CHAPITRE 22 : Dans le Piège

5 minutes de lecture

Jonah et Lila passèrent plusieurs jours à élaborer leur plan. Bien que soulagés d’avoir tenu tête à Carter et d’avoir éclairci, en partie, l’affaire des fausses accusations de vol, ils savaient que ce n’était pas suffisant : il fallait le confronter devant tout le monde.

Les soirées, souvent pluvieuses dans cette Seattle des années 90, ajoutaient une atmosphère électrique à leurs réunions improvisées. Souvent, Lila rejoignait Jonah dans son garage ou l’inverse, accompagnés d’un lecteur de cassettes distillant un fond musical grunge. Une tasse de café froid à la main, ils griffonnaient notes et idées sur un carnet, cherchant la faille dans l’armure de Carter.

Lila était nerveuse. Elle pressentait que cette confrontation publique comportait des risques — Carter était imprévisible, et le lycée bruissait encore de rumeurs. Pourtant, la détermination de Jonah, blessé dans son honneur et prêt à tout pour rétablir la vérité, la contaminait.

Un soir, tard, dans le garage de Lila, une faible lampe éclairait les schémas que Jonah s’évertuait à dessiner. Entre deux riffs griffonnés, on voyait des flèches et des scénarios possibles.

— Le principal point faible de Carter, commença Jonah en levant les yeux vers Lila, c’est son besoin de contrôle.

— Et ? Comment on utilise ça contre lui ? demanda-t-elle, jouant nerveusement avec la anse de sa tasse.

Jonah esquissa un léger sourire :

— On lui donne l’impression qu’il est exposé. Qu’il ne peut plus se cacher derrière son groupe de footballeurs ou sa réputation.

Lila fronça les sourcils, intriguée :

— Exposé comment ?

Jonah posa son stylo, se rapprochant d’elle :

— On organise une confrontation publique, quelque part où il ne peut pas fuir et où tout le monde pourra l’entendre.

Elle hésita :

— Et s’il refuse de parler ?

Jonah haussa les épaules :

— Alors, on le pousse.

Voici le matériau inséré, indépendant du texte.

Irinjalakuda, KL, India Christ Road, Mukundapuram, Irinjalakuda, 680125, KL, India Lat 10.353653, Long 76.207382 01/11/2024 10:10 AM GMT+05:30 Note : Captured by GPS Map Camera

Avec la vérité.

Ils décidèrent que la confrontation aurait lieu au gymnase après les heures de cours, sachant que Carter et ses amis s’y rendaient souvent pour « s’entraîner » ou discuter. Ryan et Lucas, encore un peu réticents, acceptèrent tout de même de soutenir l’initiative. Leur rôle serait d’attirer quelques élèves curieux au gymnase, pour constituer un public assez nombreux afin que Carter ne puisse minimiser la scène.

La veille de l’opération, Lila se prépara mentalement. Dans sa chambre, entourée de posters de groupes rock et de magazines d’époque (une édition de Rolling Stone consacrée à la scène grunge locale), elle se répétait son texte intérieur : « Je dois le pousser, l’obliger à avouer. » Elle ne put dormir qu’à l’aube, l’excitation et la peur se mélangeant à sa volonté de défendre Jonah.

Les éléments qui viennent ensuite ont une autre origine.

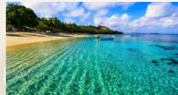
Refreshing turquoise water

Stroll pristine white- and black-sand beaches, swim with sea turtles, and marvel at kaleidoscopic coral reefs as you cross the Pacific Ocean.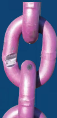
Cuts, material loss, cracks.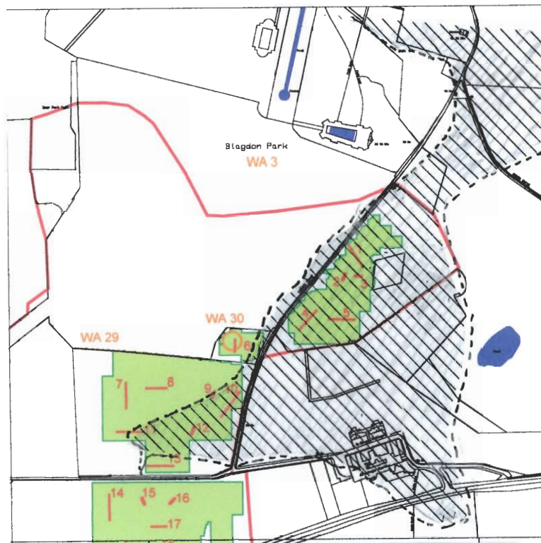
Figure 1. Approximate location of the Dunkeswick Series (hatched area) and restored opencast soils (plain).

includes: angular sandstones, fragments of coal, ironstones, and often also bricks, slag, cinders and, rarely, fragments of discarded mining equipment ( ibidem ).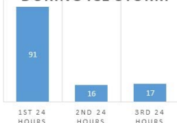
FIRE DISTRICT CALLS AND RESPONSE DURING ICE STORM

Thank you and "well done" to our volunteers and staff for the many exhausting, labor-intensive hours you put in for your community.

Le jour J, le gymnase était déserté par les cours officiels, mais une poignée d’élèves, alertés par Ryan et Lucas, traînaient dans les gradins. L’odeur de sol ciré et de vieux équipements flottait dans l’air. Au centre, Carter et ses amis discutaient, ricanaient, shootant dans un ballon de basket.

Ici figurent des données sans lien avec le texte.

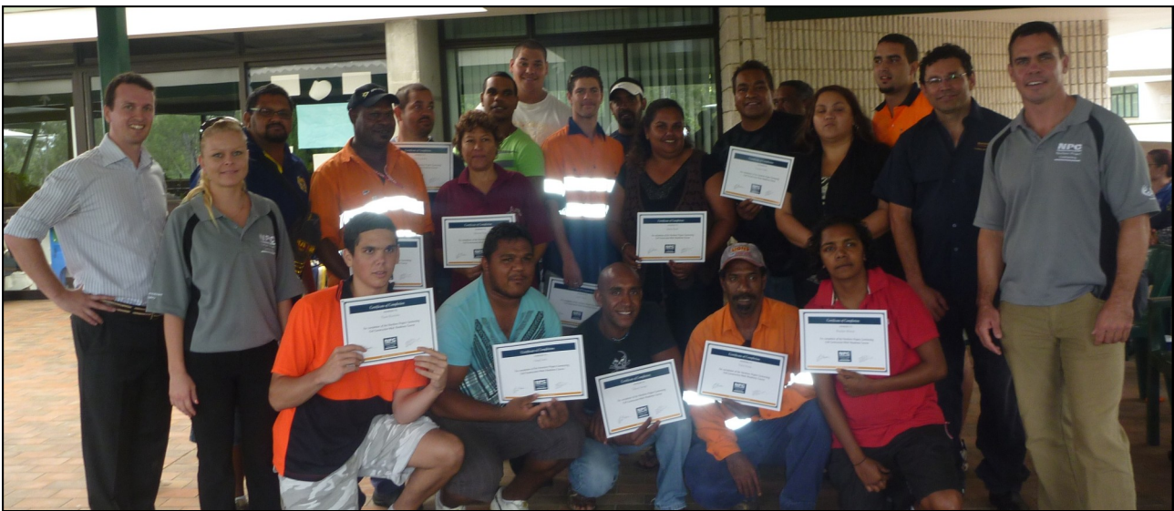
Graduates from the Civil Construction course with NPC staff and mentors

The course delivers a Certificate 1 and six units toward a Certificate 2 in Civil Construction as well as life and job skills to make sure people develop with careers. (cont. page 2)

Lila arriva la première, Jonah sur ses talons, le cœur battant à tout rompre. Leur présence fut aussitôt remarquée : Carter ralentit sa discussion, un sourire narquois se dessinant sur ses lèvres.

— Oh, regardez qui voilà, lança Carter, son ton mielleux. Le couple maudit.

Jonah croisa les bras, soutenant calmement le regard de Carter :

— On veut te parler, Carter.

Carter éclata d’un rire exagéré :

— Moi ? Parler avec vous ? Non merci.

Mais Lila s’avança, se plaçant face à lui, malgré le nœud qui se formait dans son estomac :

— Tu as peur, Carter ?

Un silence surpris tomba. Carter fronça les sourcils.

— Peur ? De quoi ?

Lila posa un regard décidé sur lui :

— Peur qu’on dévoile ce que tu fais. Les accusations contre Jonah, le vandalisme, les rumeurs.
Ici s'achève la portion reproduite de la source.